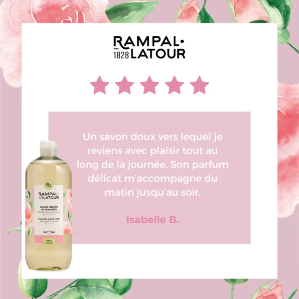 De vloeibare Marseillezeep Rampal Latour wordt volgens de traditionele methode gemaakt in een ketel op basis van 100% verzeepte plantaardige oliën.
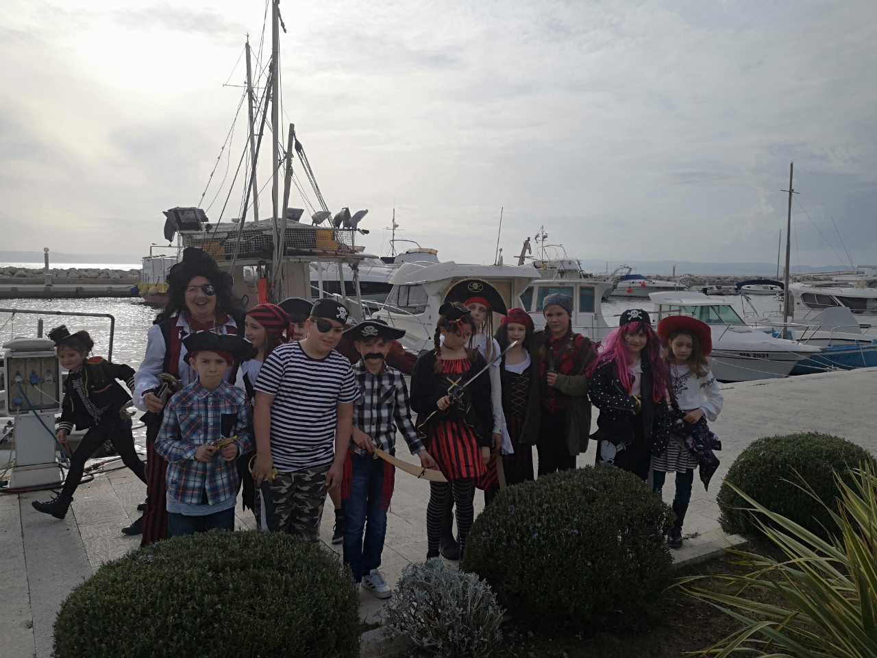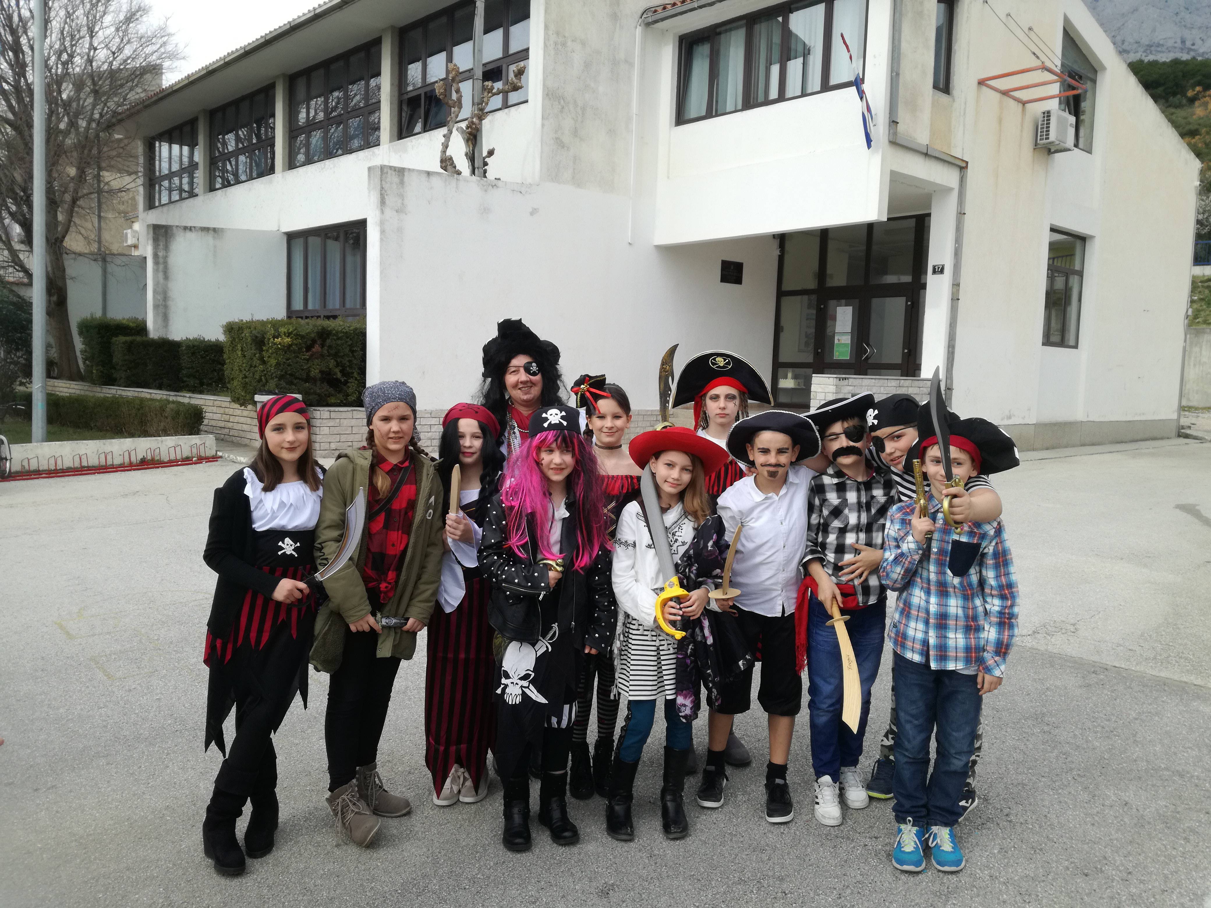 Ove godine nam je želja bila maskirati se u gusare! Itekako smo se potrudili, a rezultat možete vidjeti na slikama! Za predstavljanje naše grupne maske uvježbali smo i koreografiju sa mačevima, a za glazbenu podlogu izabrali smo filmsku glazbu iz Pirata sa Kariba!
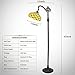 Antique Tiffany Floor Lamp With Arch Pole: Features a larger standing handmade stained glass tiffany lamps with a dark bronze finish resin arch pole base position in the corner of a room or next to a seating area on the floor. At the top, 1 light bulb socket host down-light sources. 62" central arch pole can adjust the lamp shade to position the light area.With a heavy sturdy base, the pole support and prevent the real stained glass lamp shade from falling down.
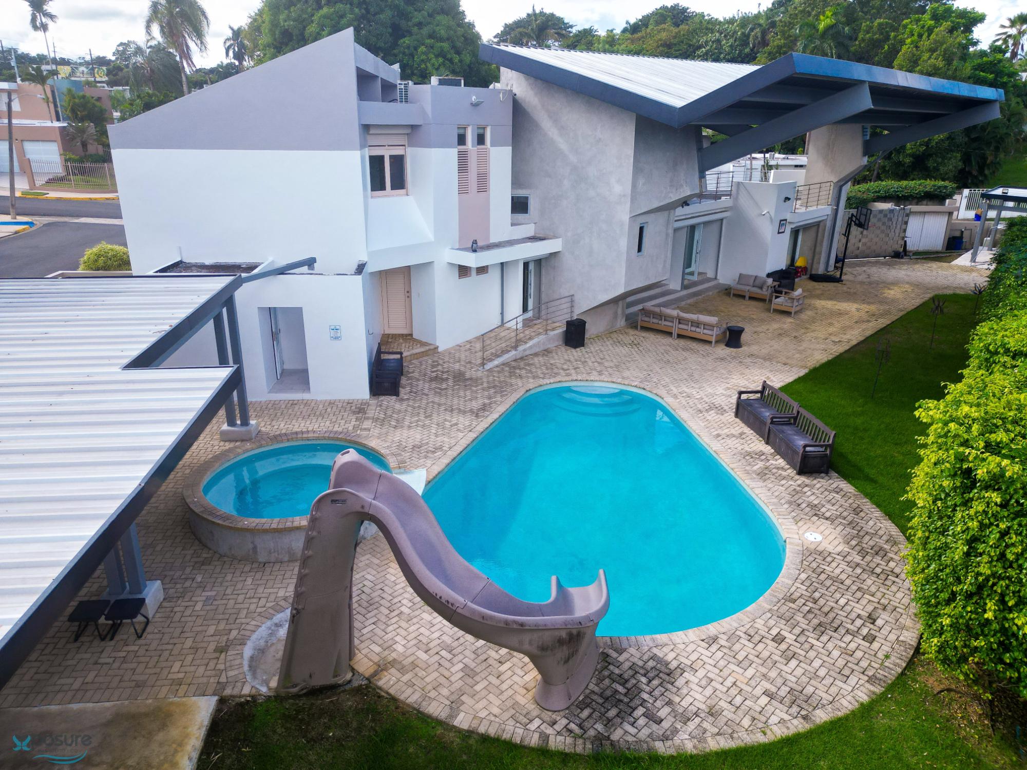 "Exquisita Residencia de Lujo en Urbanización Santa María, San Juan" Ubicada en una calle sin salida dentro de una de las comunidades más exclusivas de San Juan, esta impresionante residencia de 5,000 pies cuadrados, en un amplio terreno de 1,700 metros cuadrados, combina elegancia, comodidad y privacidad. Con 6 habitaciones y 5.5 baños, esta casa de dos niveles cuenta con un diseño arquitectónico moderno y acabados de lujo, como pisos en mármol y una cocina gourmet con topes en granito. Un ascensor interno brinda comodidad y accesibilidad a todos los niveles de la propiedad. Entre sus áreas de entretenimiento, destacan un cine privado, un área de BBQ con barra perfecta para reuniones sociales, y una piscina climatizada, ideal para disfrutar todo el año. Además, el sistema de sonido integrado para interiores y exteriores eleva la experiencia de vida. Esta propiedad representa el equilibrio perfecto entre sofisticación y funcionalidad, ideal para quienes buscan un estilo de vida exclusivo en San Juan. ¡Un verdadero paraíso en el corazón de Puerto Rico!..
========================================================================
*WHAT THIS TASK INVOLVES*. Look above for the line containing "Ove godine nam", then copy exactly from it through the line containing "Antique Tiffany Floor", keeping both and leaving out pictures. Add nothing else.

*TASK SOLUTION*.
 Ove godine nam je želja bila maskirati se u gusare! Itekako smo se potrudili, a rezultat možete vidjeti na slikama! Za predstavljanje naše grupne maske uvježbali smo i koreografiju sa mačevima, a za glazbenu podlogu izabrali smo filmsku glazbu iz Pirata sa Kariba!
 Antique Tiffany Floor Lamp With Arch Pole: Features a larger standing handmade stained glass tiffany lamps with a dark bronze finish resin arch pole base position in the corner of a room or next to a seating area on the floor. At the top, 1 light bulb socket host down-light sources. 62" central arch pole can adjust the lamp shade to position the light area.With a heavy sturdy base, the pole support and prevent the real stained glass lamp shade from falling down.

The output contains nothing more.